Caring for God’s Acre, the charity which promotes the conservation of burial sites, is supporting the Thomas Gray Anniversary Poetry Competition.

The Stoke Poges Society has held 3 poetry competitions in the run-up to the tercentenary of Gray’s birth. The theme this year is “Full many a flower is born to blush unseen”.

The entries to the Open Class will be judged by the poet, Daljit Nagra whose debut poetry collection “Look We Have Coming to Dover!” won the 2007 Forward Prize for Best First Collection and the South Bank Show Decibel Award. In October 2015, he was appointed the inaugural Poet in Residence for BBC Radio 4.

Daljit is looking forward to reading the entries. As he says, “Gray’s Elegy is fascinating for the way it opens portals for imaginative freedom. Entrants should feel inspired to see the modern world anew by the range of the many-angled quotation”.

School Class entries will be judged by Michael Meredith, formerly Head of English at Eton College where Thomas Gray was a pupil in the 18th century.

The closing date is Friday 24 June at midnight. For the full set of rules and more information, please visit the website: www.thomasgray2016.org/poetry-competition.

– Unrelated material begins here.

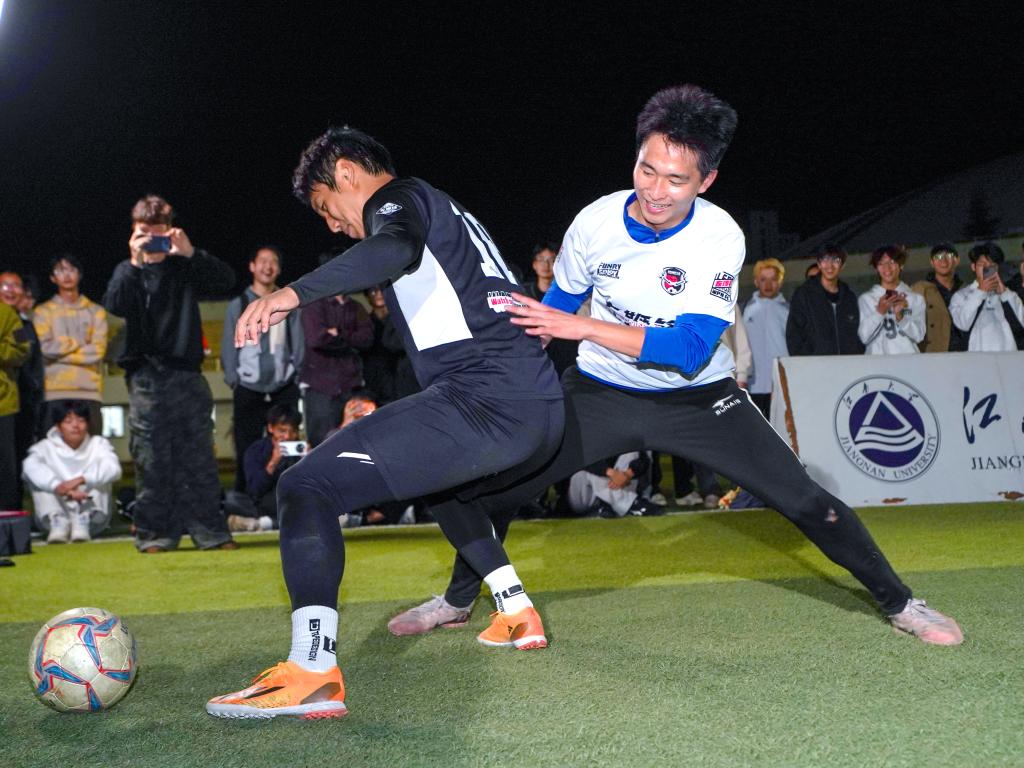 随后,张雨琦与卢则灵、李皓然、陈立群在体育中心,正式开启江南大学2025“足球达人进校园”活动。首先是同学与嘉宾展开1对1足球过人王表演赛,不乏技术出众者,凭借精湛球技战胜对手,濮宇尘老师、校女足队员也上场过招,现场喝彩如潮、气氛热烈,充分诠释足球的魅力;紧接着,张雨琦与“苏超”球员们同台切磋,让同学们近距离领略到“黄金左脚”的威力、无锡金靴李皓然的精准射术、卢则灵闪电般的冲刺速度,以及陈立群“叹息之墙”般的防守压迫感。在最后的射门测速环节中,同学们踊跃参与测试,三位职业球员也现场展示了令人惊叹的专业实力。

The Thomas Gray 2016 project was inaugurated by the Stoke Poges Society in 2011 with the specific aim of restoring Thomas Gray’s tomb and monument. The tomb in the churchyard of St Giles, Stoke Poges, where Thomas Gray was buried in 1771, was restored in 2013 as part of the anniversary project. The Society, founded in 2009, exists to nurture an interest in the history of the village and its surroundings and organises a programme of events, talks and visits, walks and members’ evenings.